Now, a bloc of nations calling themselves “Group of Friends in Defense of the Charter of the United Nations” (hereinafter, “the Group”) has united to try to revitalize the anti-war essence of the UN Charter. This group, representing a huge portion of the world’s population, includes Russia, China, Iran, North Korea, Algeria, Angola, Belarus, Bolivia, Cambodia, Cuba, Eritrea, Laos, Nicaragua, Saint Vincent and the Grenadines, Syria, Venezuela and the Palestinians.
In pertinent part, the Group announced this month that the UN Charter “has a renewed and even more important value and relevance, particularly in the midst of the COVID-19 pandemic, while providing a platform for, among others, promoting the prevalence of legality over the use of force and for both discussing and coordinating possible joint initiatives for fostering the respect to the purposes and principles enshrined in the UN Charter.” The Group specifically emphasized the importance of respecting the requirements of “non-interference in the internal affairs of States, peaceful settlement of disputes, and . . . refrain[ing] from the use or threat of use of force against the territorial integrity or political independence of any State, as enshrined in the UN Charter.”
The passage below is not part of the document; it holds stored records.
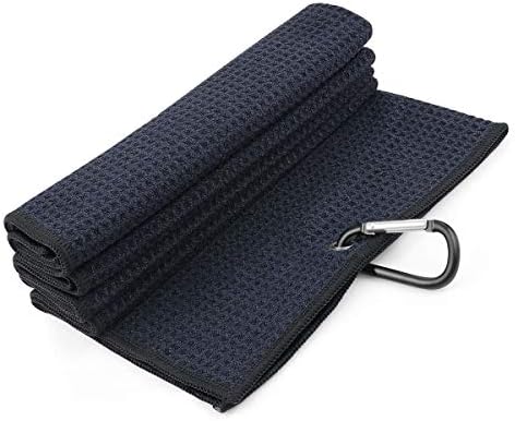 MICROFIBER TOWEL: Highly Absorbent and Quick Drying with waffle design. Perfect Size (16’’ x 24’’) to Keep in Your Back Pocket or Clip to Your Golf Bag, with a clip that conveniently attaches to your golf bag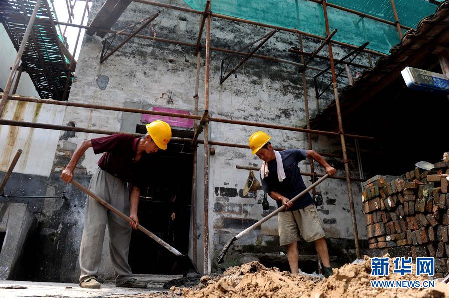 工人在對安徽涇縣黃田古村落一處古民居進行修復(fù)施工(2014年7月10日攝)。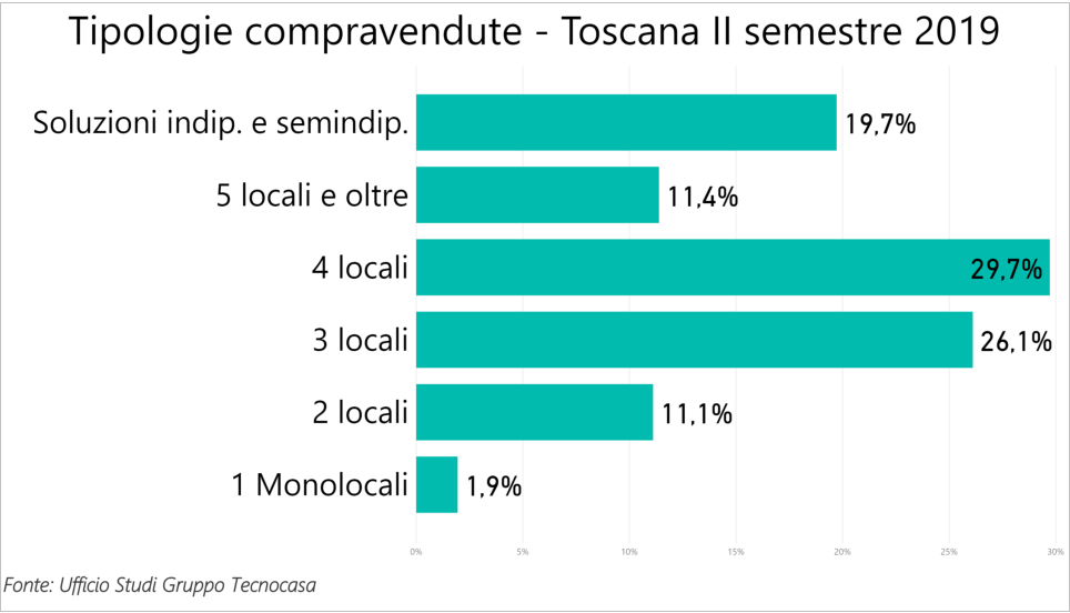 In Toscana chi compra l’abitazione per viverci sceglie principalmente i quattro locali (29,8%), seguiti dai tre locali (24,6%), e dalle soluzioni indipendenti e semindipendenti (22,8%).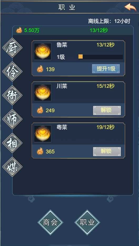 友情提醒:挂机商会等级和职业技能等级,在初期加成不高,但是努力提升上去之后,你就会发现可以尽情躺在家里赚取大量高额受益。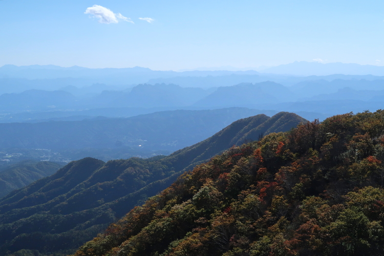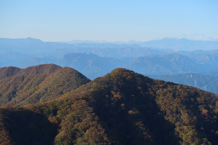 天目山の上には妙義山や荒船山が重なり、一番奥には北岳や甲斐駒ヶ岳など南アルプスも見えた。その右には赤岳など八ヶ岳も見える。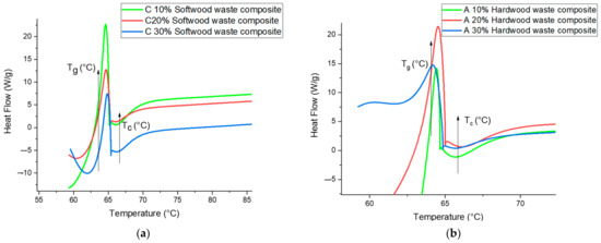 (a) Glass transition temperature (Tg) and crystallization temperature TC of softwood waste filled in composite. (b) Glass transition temperature Tg and crystallization temperature TC of hardwood waste filled in composite.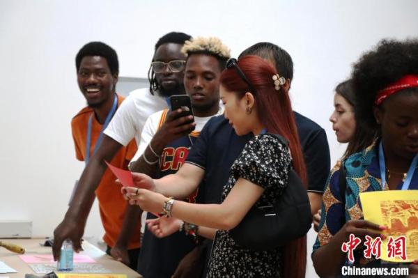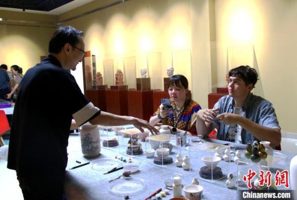 7月22日,参加首届“你好,丝路”网络国际传播交流大会的各国嘉宾走进新疆克拉玛依市白碱滩区美术馆,版画、剪纸、书法、泥塑、粉彩瓷等中华传统文化吸引来自吉尔吉斯斯坦、哈萨克斯坦、越南、意大利、泰国、哥伦比亚等国的青年“零距离”体验。据悉,“你好,丝路”网络国际传播交流大会是由新疆维吾尔自治区人民政府新闻办公室、克拉玛依市人民政府、环球网联合主办,邀请“一带一路”沿线国家的“网络达人”走进新疆克拉玛依,分享和交流关于国际文化传播的经验和感受。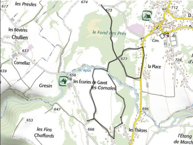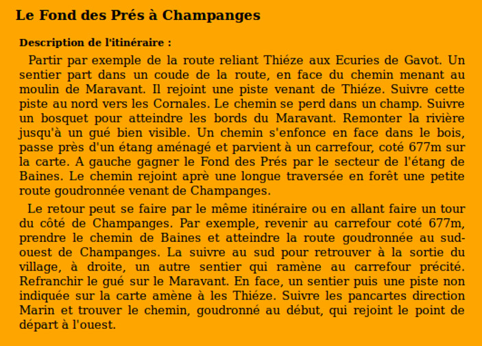 | Chalets rencontrés : Aucun. | Lieux-dits traversés: Champanges, Thièze, Le Fond des Prés, Etang de Baines, Les Cornales. |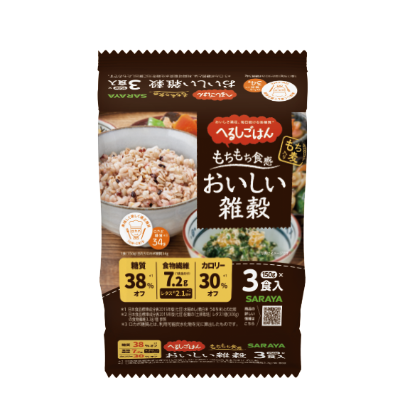 白米タイプの「へるしごはん」に加え、食物繊維量を更に増やし食べ応えをアップした雑穀タイプの「へるしごはんおいしい雑穀」も!お好みに合わせおたのしみいただけます。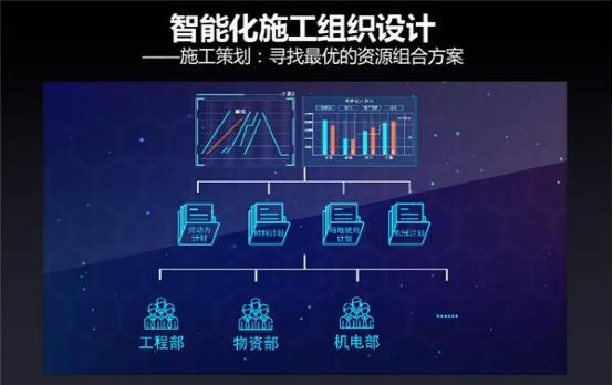 “智能化施工組織設計”尋找最優(yōu)資源組合方案。施工總計劃是各項資源投入計劃的主要體現(xiàn),而將BIM技術與大量管理數(shù)字資產(chǎn)集成,可以提供幾種施工進度計劃方案,再通過各方案的資源投入指標對比分析,最終優(yōu)選出適合本項目的總進度計劃,計劃選定后還可自動形成支持該計劃執(zhí)行的相關配套計劃。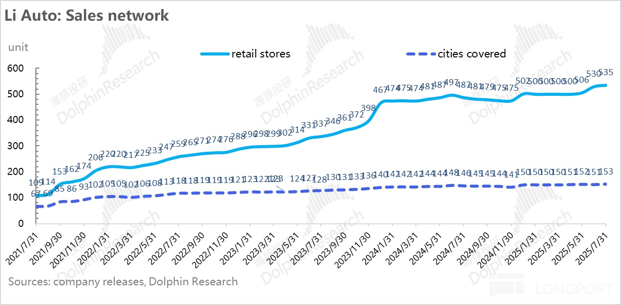 In terms of channel construction, Li Auto added 30 retail stores and 9 service centers in Q2, mainly in preparation for the launch of pure electric models i8 and i6.

Significantly, the Group’s announcement was made shortly after President Biden ordered the bombing of Iranian targets in Syria – an action which, lacking Security Council authorization and taking place in the absence of any armed attack against the US, clearly violated international law and threatens further conflict in the Middle East. This action also sent a message to the world that President Biden continues to operate under the assumption that the US has a unique right to use force anywhere in the world and at any time of its choosing.
The Group’s announced intention to bring new life to the UN Charter’s core provisions therefore could not come at a more crucial time. The US’s post-Cold War pretense to lead a unipolar world as the sole superpower must come to an end. The US’s unilateral military actions throughout the world (from Afghanistan to Iraq to Libya) have only left chaos and misery in their wake, and the US has proven that it is both unable and unwilling to mend the nations it has torn asunder. Only the concerted action of the rest of the world to restore the rule of law instead of the law of the jungle for which the US has long advocated can bring some semblance of stability to the globe. The Group’s recently-announced initiative is a good start to this process.